======== Information provided ========

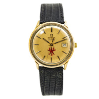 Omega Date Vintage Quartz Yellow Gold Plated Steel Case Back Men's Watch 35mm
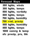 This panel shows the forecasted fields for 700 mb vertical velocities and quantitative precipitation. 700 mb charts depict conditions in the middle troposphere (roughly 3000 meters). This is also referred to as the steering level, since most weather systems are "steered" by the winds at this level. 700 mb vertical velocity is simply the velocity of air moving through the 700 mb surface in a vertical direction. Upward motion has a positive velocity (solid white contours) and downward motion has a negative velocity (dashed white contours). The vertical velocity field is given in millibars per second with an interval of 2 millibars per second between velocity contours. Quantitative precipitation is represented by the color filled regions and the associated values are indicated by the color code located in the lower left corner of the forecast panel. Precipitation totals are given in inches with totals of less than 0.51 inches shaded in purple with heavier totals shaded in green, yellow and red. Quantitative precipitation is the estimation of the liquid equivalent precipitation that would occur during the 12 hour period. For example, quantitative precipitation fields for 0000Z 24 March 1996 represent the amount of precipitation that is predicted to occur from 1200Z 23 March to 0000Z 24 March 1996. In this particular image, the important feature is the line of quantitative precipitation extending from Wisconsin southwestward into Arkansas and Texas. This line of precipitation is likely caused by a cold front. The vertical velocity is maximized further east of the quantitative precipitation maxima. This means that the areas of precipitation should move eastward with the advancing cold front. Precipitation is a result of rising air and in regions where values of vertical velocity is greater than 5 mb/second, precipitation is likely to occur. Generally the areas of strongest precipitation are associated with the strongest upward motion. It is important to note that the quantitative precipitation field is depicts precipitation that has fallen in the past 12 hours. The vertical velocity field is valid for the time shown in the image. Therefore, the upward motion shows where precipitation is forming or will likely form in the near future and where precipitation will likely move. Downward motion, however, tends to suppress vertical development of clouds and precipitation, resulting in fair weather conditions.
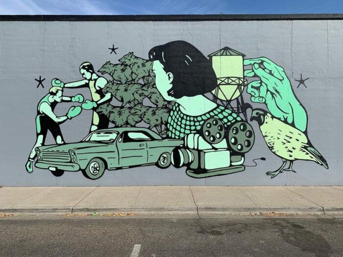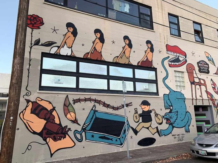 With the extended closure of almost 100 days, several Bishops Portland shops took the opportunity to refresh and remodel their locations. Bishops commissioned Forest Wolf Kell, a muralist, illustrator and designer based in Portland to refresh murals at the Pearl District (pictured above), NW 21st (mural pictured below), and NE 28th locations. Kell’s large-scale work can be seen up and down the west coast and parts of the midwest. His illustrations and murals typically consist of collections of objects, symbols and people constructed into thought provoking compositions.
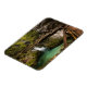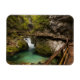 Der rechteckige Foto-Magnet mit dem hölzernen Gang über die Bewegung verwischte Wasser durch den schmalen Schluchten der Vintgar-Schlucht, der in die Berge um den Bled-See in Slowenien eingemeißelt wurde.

========

Work order:
Give back every line of the material above word for word, leaving out the pictures.

Answer to the exercise:
 Omega Date Vintage Quartz Yellow Gold Plated Steel Case Back Men's Watch 35mm
 This panel shows the forecasted fields for 700 mb vertical velocities and quantitative precipitation. 700 mb charts depict conditions in the middle troposphere (roughly 3000 meters). This is also referred to as the steering level, since most weather systems are "steered" by the winds at this level. 700 mb vertical velocity is simply the velocity of air moving through the 700 mb surface in a vertical direction. Upward motion has a positive velocity (solid white contours) and downward motion has a negative velocity (dashed white contours). The vertical velocity field is given in millibars per second with an interval of 2 millibars per second between velocity contours. Quantitative precipitation is represented by the color filled regions and the associated values are indicated by the color code located in the lower left corner of the forecast panel. Precipitation totals are given in inches with totals of less than 0.51 inches shaded in purple with heavier totals shaded in green, yellow and red. Quantitative precipitation is the estimation of the liquid equivalent precipitation that would occur during the 12 hour period. For example, quantitative precipitation fields for 0000Z 24 March 1996 represent the amount of precipitation that is predicted to occur from 1200Z 23 March to 0000Z 24 March 1996. In this particular image, the important feature is the line of quantitative precipitation extending from Wisconsin southwestward into Arkansas and Texas. This line of precipitation is likely caused by a cold front. The vertical velocity is maximized further east of the quantitative precipitation maxima. This means that the areas of precipitation should move eastward with the advancing cold front. Precipitation is a result of rising air and in regions where values of vertical velocity is greater than 5 mb/second, precipitation is likely to occur. Generally the areas of strongest precipitation are associated with the strongest upward motion. It is important to note that the quantitative precipitation field is depicts precipitation that has fallen in the past 12 hours. The vertical velocity field is valid for the time shown in the image. Therefore, the upward motion shows where precipitation is forming or will likely form in the near future and where precipitation will likely move. Downward motion, however, tends to suppress vertical development of clouds and precipitation, resulting in fair weather conditions.
 With the extended closure of almost 100 days, several Bishops Portland shops took the opportunity to refresh and remodel their locations. Bishops commissioned Forest Wolf Kell, a muralist, illustrator and designer based in Portland to refresh murals at the Pearl District (pictured above), NW 21st (mural pictured below), and NE 28th locations. Kell’s large-scale work can be seen up and down the west coast and parts of the midwest. His illustrations and murals typically consist of collections of objects, symbols and people constructed into thought provoking compositions.
 Der rechteckige Foto-Magnet mit dem hölzernen Gang über die Bewegung verwischte Wasser durch den schmalen Schluchten der Vintgar-Schlucht, der in die Berge um den Bled-See in Slowenien eingemeißelt wurde.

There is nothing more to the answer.